Background & Summary

The pygmy grasshoppers of the superfamily Tetrigoidea (Orthoptera) constitute a single cosmopolitan family, Tetrigidae, which is widely distributed throughout the world and has 287 genera within seven subfamilies1,2,3. The species generally inhabit moist environments such as mountain streams, small rivers, swamps, grasslands and bushes, feed on humus, mosses, and lichen1,4. Their distribution is highly dependent on specific natural environments, especially some are very sensitive to microhabitat changes, hence, they are important environmental indicator species5,6. Meanwhile, the pygmy grasshoppers have complex behaviors and are generally regarded as ideal materials for behavioral researches1,7. Some tetrigoid species have shown the ability to survive in environments contaminated with heavy metals8. However, studies of this family mainly focused on morphology, biology and ecology for the past decades, with a few studies on molecular mechanism of ecological and biological characteristics9,10,11,12. The lack of genomic information has made it difficult to conduct in-depth investigations of the pygmy grasshoppers.

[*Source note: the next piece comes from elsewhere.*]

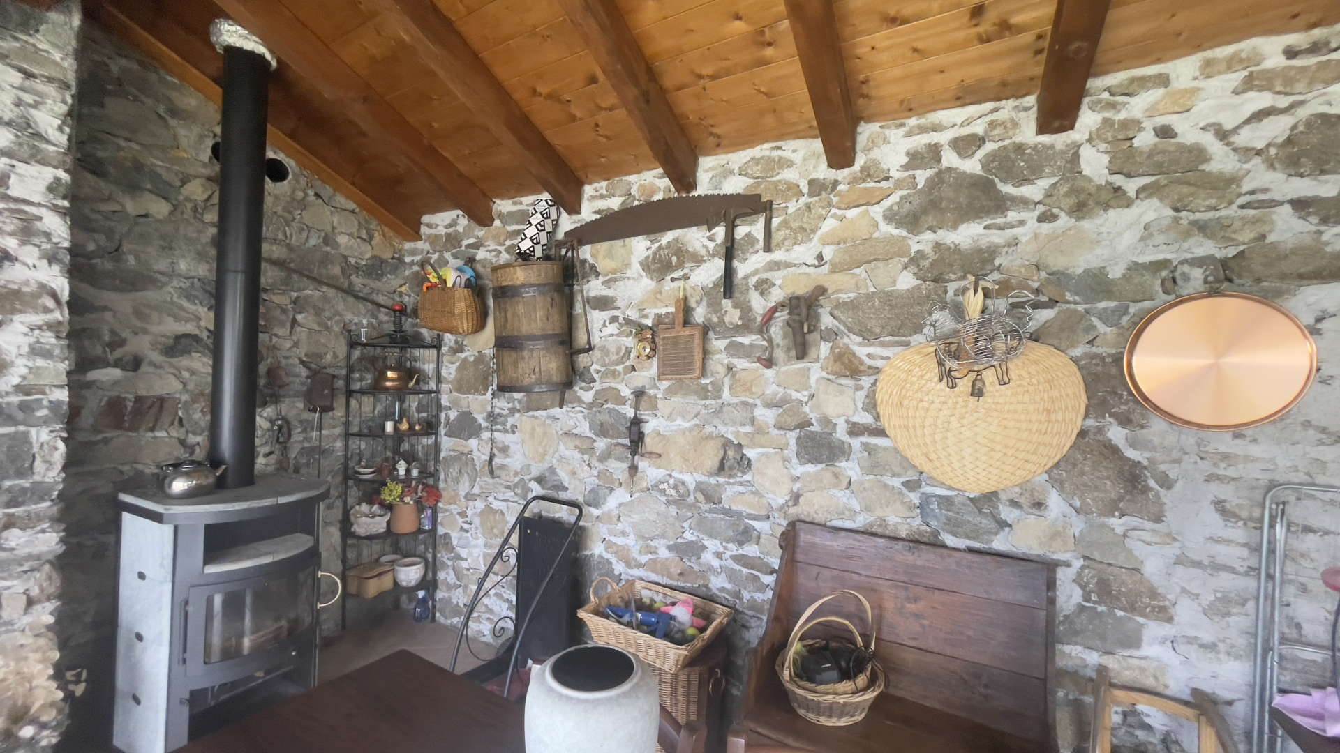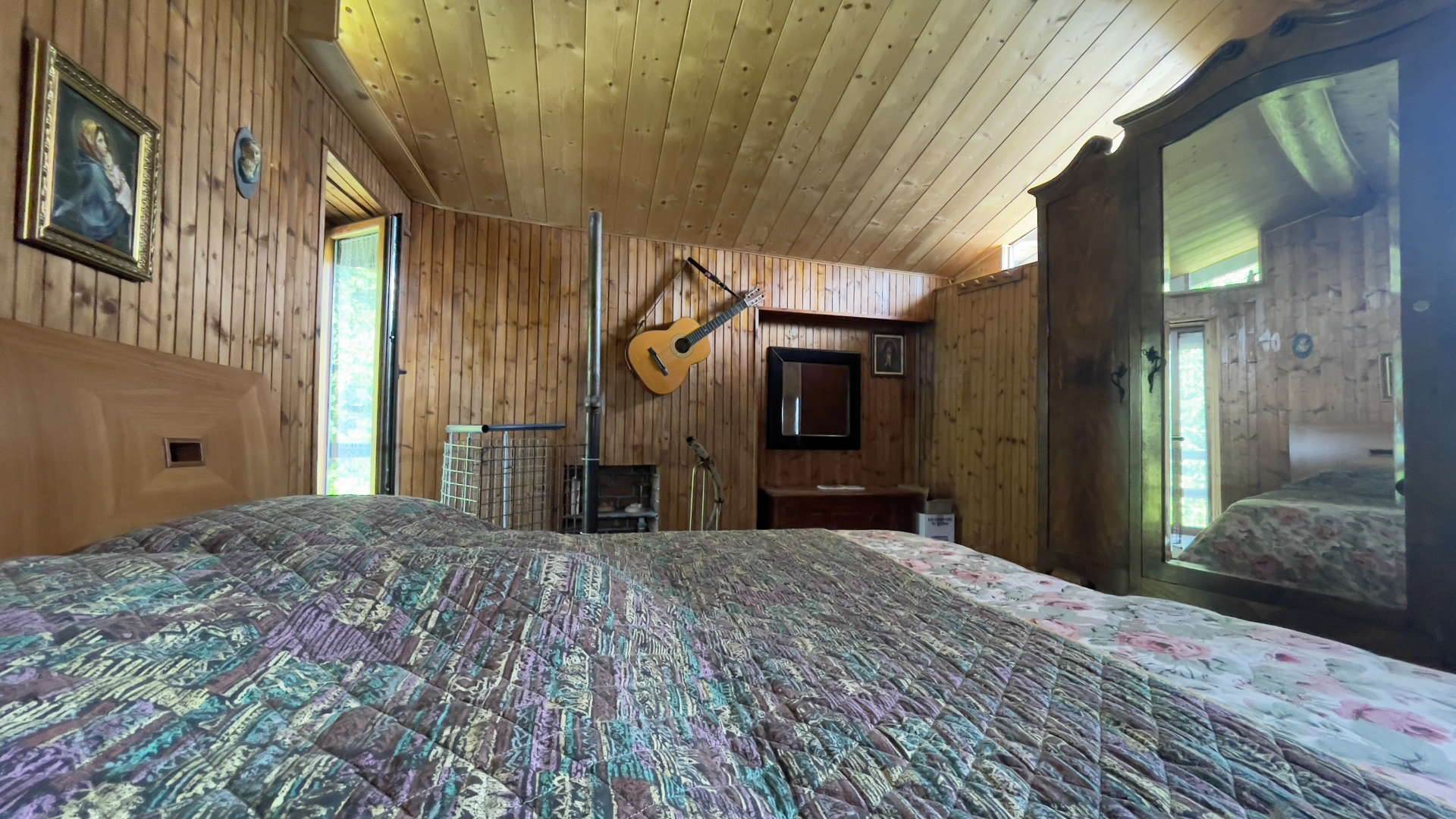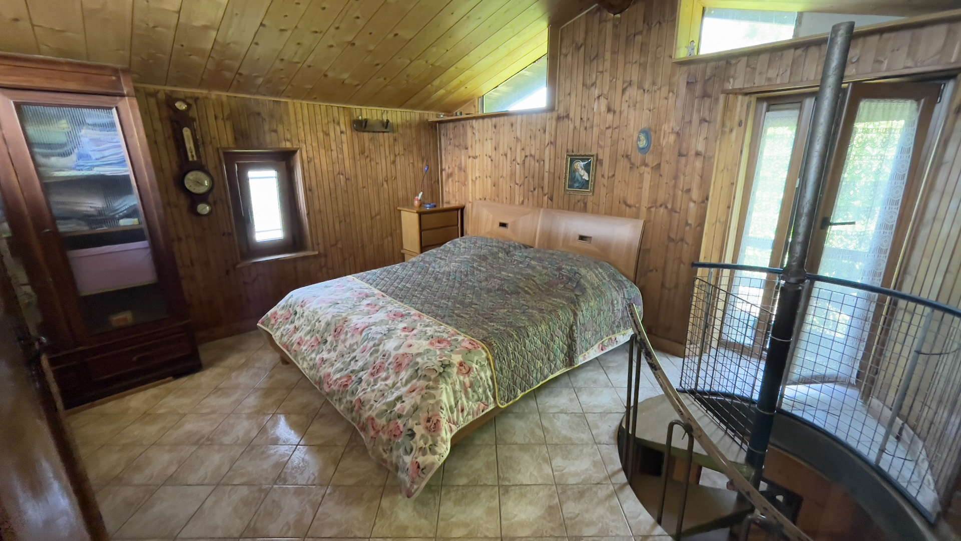 On the first floor, accessible by internal staircase, there is a large bedroom with balcony, while in the basement there is a comfortable cellar, perfect as storage room. The cabin is sold fully furnished, with the exception of personal effects.

Eucriotettix oculatus (Bolivar, 1898) is a typical Oriental species belonging to the genus Eucriotettix in the family, widely distributed in the southern provinces of China and South Asia region (Fig. 1)13. This species has strong adaptability to different environments, and the population which lives in mining regions around the Diaojiang River (China) has been polluted for hundreds of years14. Our previous analysis showed the composition and diversity of the intestinal microbial community of E. oculatus was significantly reduced in heavy metal pollution15. Meanwhile, we also found that heavy metals could change the composition of metabolites in the intestine16. However, there is limited knowledge on molecular mechanisms that support the environmental adaptation of E. oculatus to heavy metal pollution due to the gaps in genomic information.

Fig. 1
figure 1

Habitus of E. oculatus.

In the present study, we reported the first genome of a pygmy grasshopper in the superfamily Tetrigoidea including the determination of the X chromosome. The high-quality genome was de novo assembled using integrated technologies (Illumina sequencing, PacBio sequencing, as well as proximity ligation chromatin conformation capture) to assist in chromosome-level assembly. We successfully annotated the protein-coding genes (PCGs), repetitive elements (REs), and non-coding RNAs (ncRNAs) within the genome. This high-quality genome will be a valuable resource for in-depth studies on basic biological possesses and environmental adaptation of the pygmy grasshopper.

Methods

Animal materials

Specimens of E. oculatus were originally collected from a wild population in Yizhou, Guangxi, China, and subsequently maintained at Hechi University for further study. Only adult speciments were utilized for high-quality genomic DNA and RNA extraction. The female bodies were collected for Illumina and PacBio genome sequencing, and muscle tissues of legs were prepared for transcriptome and Hi-C sequencing.

Genome and transcriptome sequencing

Five female specimens were pooled and total DNA was then extracted using a Blood & Cell Culture DNA Mini Kit (Qiagen). DNA quantity and quality were finally measured by a 2100 Bioanalyzer (Agilent) and a Qubit 3.0 Fluorometer (Invitrogen), with integrity confirmed via 1% agarose gel electrophoresis. Whole-genome shotgun sequencing was performed for five female individuals with a single molecule real-time (SMRT) PacBio system. PacBio Sequel II libraries (insert size of 30 kb) were constructed with SMRTbellTM Template Prep Kit 2.0. Additionally, two short paired-end libraries were prepared with Truseq DNA PCR-free kit, and short reads were yielded on the Illumina NovaSeq 6000 platform.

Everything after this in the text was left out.